The gloves include multiple materials, which allows for a short break-in period. The fingers are pre-curved and accordion knuckles for better articulation. There is elastic at the wrist, but it’s a tight fit to get my hand past the wrist opening. Once the gloves were on, they were very comfortable. XL would have been a better choice.
The Gore Grip reduces bulk and allows for better agility. In addition, the polyester liner makes for a very comfortable interior feel.
RICHA offers a 2-year warranty on the complete collection: motorcycle jackets, pants, jeans, gloves, rain clothing, functional underwear, boots, and shoes. In addition, RICHA products produced with the GORE-TEX membrane (e.g., waterproofing and breathability) are subject to the GORE-TEX “Guaranteed to keep you dry” warranty.
I received the gloves in April, not expecting that I would get any use from a mid-summer glove for some time.

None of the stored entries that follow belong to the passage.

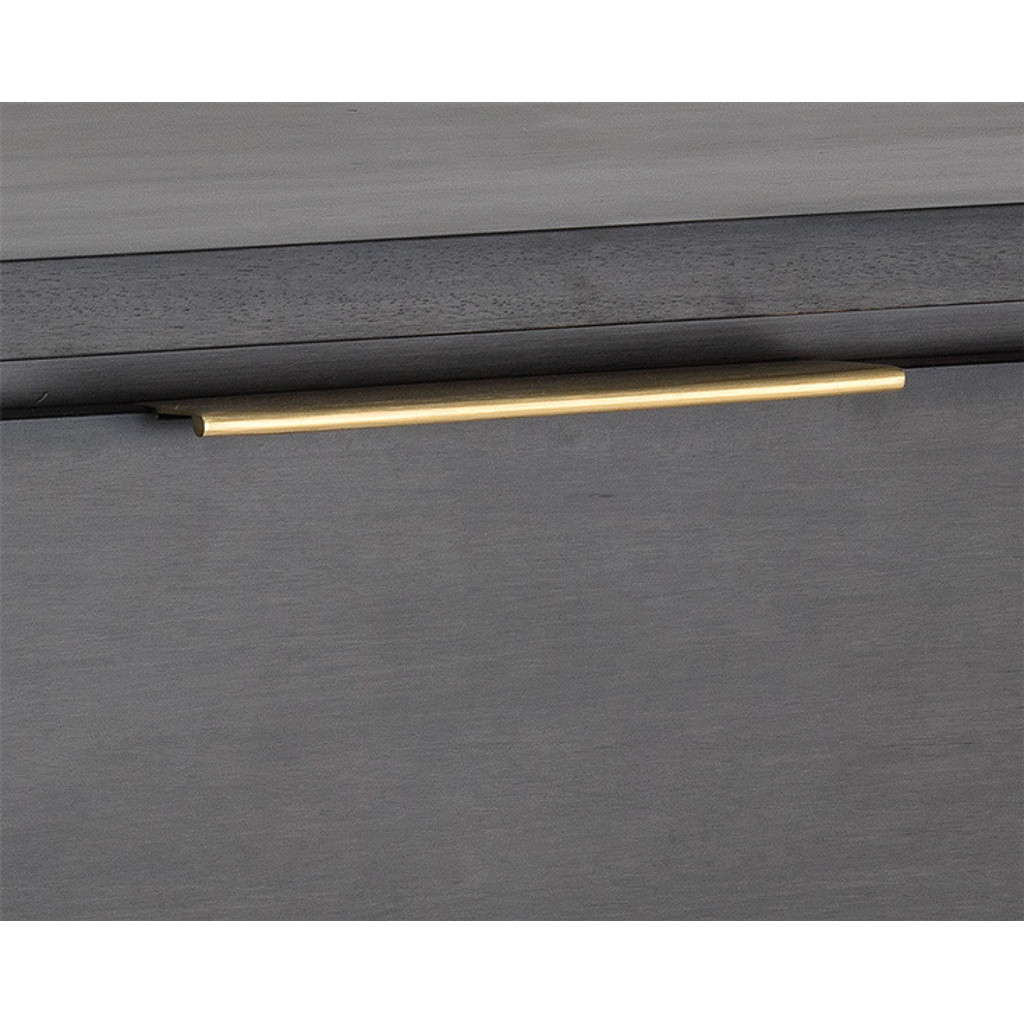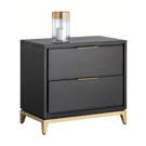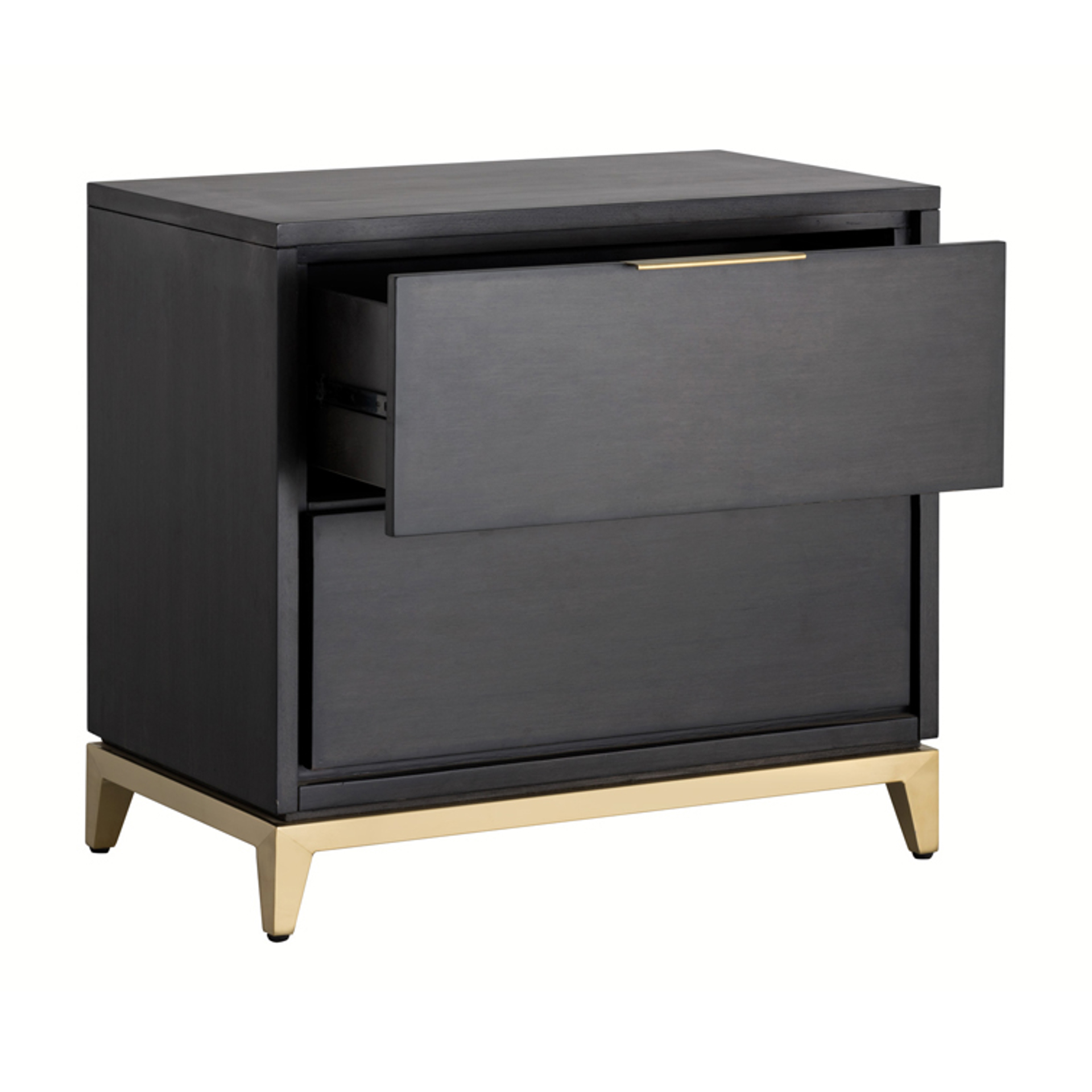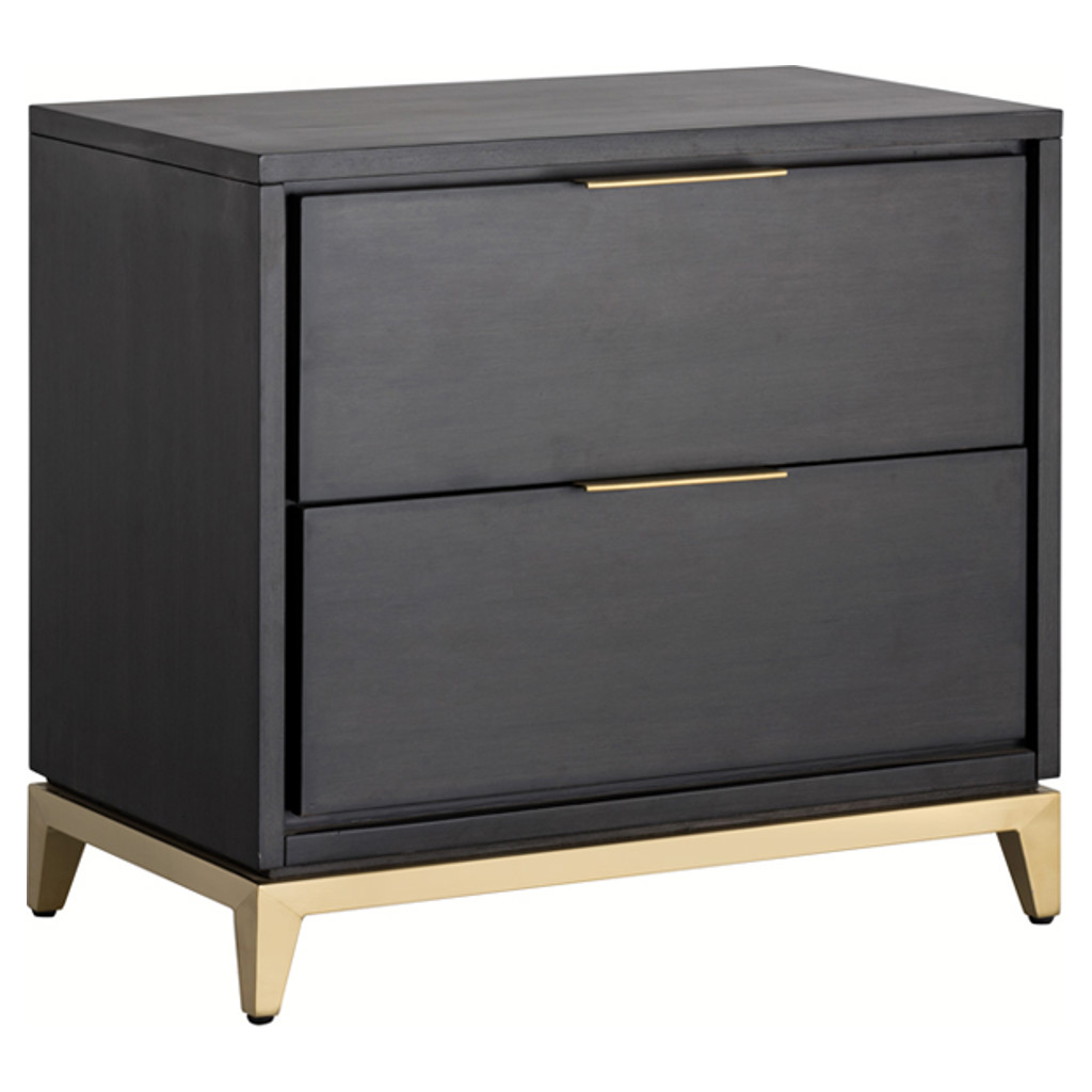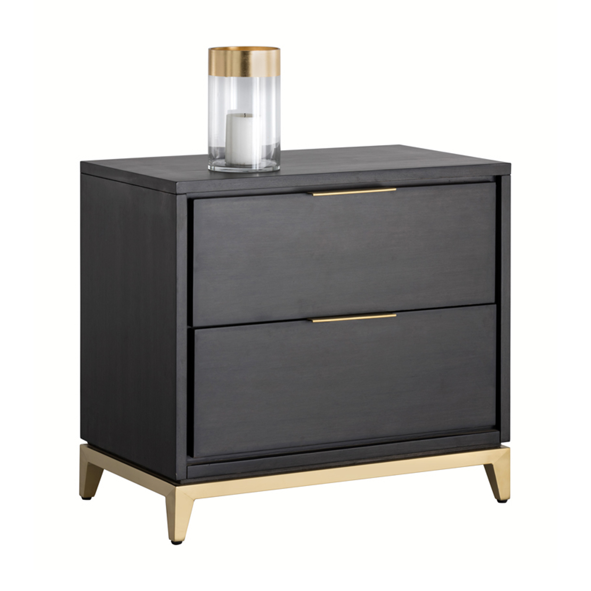 Cette table de chevet de la collection Irongate par Sunpan ajoutera de la chaleur et de l'attrait à n'importe quel espace de chambre. Fabriqué en placage de bois d'acacia dans une finition gris-brun fumé avec deux tiroirs profonds à fermeture douce. Les poignées et la base en acier or jaune brossé complètent le look.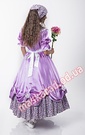 Не просто няня, а французька, що надає образу вишуканості. Може тільки косинка на голові здасться простою. Але яскрава, фіолетового кольору, атласна сукня робить дівчинку дуже ошатною. Сукня з пишними рукавами-ліхтариками, прикрашена кольоровою тканиною та мереживом. Пишна спідниця з оборкою, призбирана донизу, прикрашена квітами з мережива та камінням. Маленький білий фартух з обгорткою з кольорової тканини. Під'юбник надає сукні пишність та обсяг.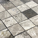 Silver Shadow Marble 2"x2" Honed on 12" x 12" Mesh Mosaic Tile has small depressions and crevices within each stone to project a modern and natural look.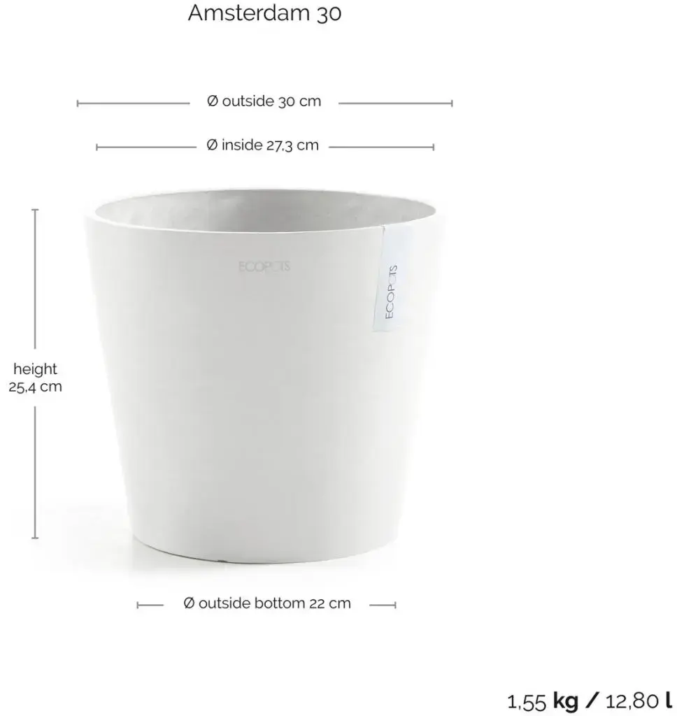 Ecopots Amsterdam Puurwit Ø30 x H26,3 cm koop je hier veilig online in de webshop van ons tuincentrum waarbij wij garant staan voor een goede service, beloofd! Heb jij nog vragen over Ecopots Amsterdam Puurwit Ø30 x H26,3 cm of de levering ervan? Neem dan gerust contact op met onze klantenservice of kom langs in ons tuincentrum in Amsterdam waar onze medewerkers je graag verder helpen. Tuincentrum Osdorp, alles voor huis, tuin en dier :)

However, I could get in many rides with some early season warm weather.
Most of my use was between 10 degrees Celsius (50 degrees Fahrenheit) and 30 degrees Celsius (85 degrees Fahrenheit).
If the temperature were going to stay in the single-digit range all day, I would reach for insulated or heated gloves. But, if the forecast called for rising temperatures, the Atlantic GTX met my needs.
At the other end of the temperature range, I found the gloves worked great right up to 30 degrees Celsius. When my hands got sweaty, the issue with getting them on was exaggerated. If the temperature gets above 30 C, I think I will be switching to more breathable gloves along with other warm weather gear, unless, of course, it is raining.
The Richa Atlantic GTX is waterproof. Therefore, I had the opportunity to use gloves in the rain. I usually try to avoid dark rainy skies, but I went out for a ride to find rain.
The gloves use Gore-Tex Gore Grip technology. Rather than a separate liner, Gore Grip is laminated to the outer shell. This lamination allows for less bulk and no shifting, typical of lined gloves.
The gloves worked great. My hands were comfortable in all conditions. I have used the gloves in various situations around town and on secondary and major highways.
I often use my smartphone as a GPS for speed/speed limit and music. I think these gloves would work great for touring or adventure riding, so the lack of touchscreen-enabled fingertips surprised me. Touch-sensitive fingertips are now a common feature of modern motorcycle gloves.
I have few negatives to say about the Richa Atlantic GTX Gloves and much to praise.
Minor negatives include the lack of touch-sensitive fingertips. As for the tightness of putting the gloves on, I’ll take the blame for that.
It is difficult to say that $150 pair of gloves is a good value. But, when you consider the technology used, I think you make an argument that they are a good value.
They are tech-laden with Gore-Tex, D3O, and SuperFabric. In addition, they have the features that I look for in a mid-season pair of gloves; waterproof, excellent protection, comfort, and subtle styling.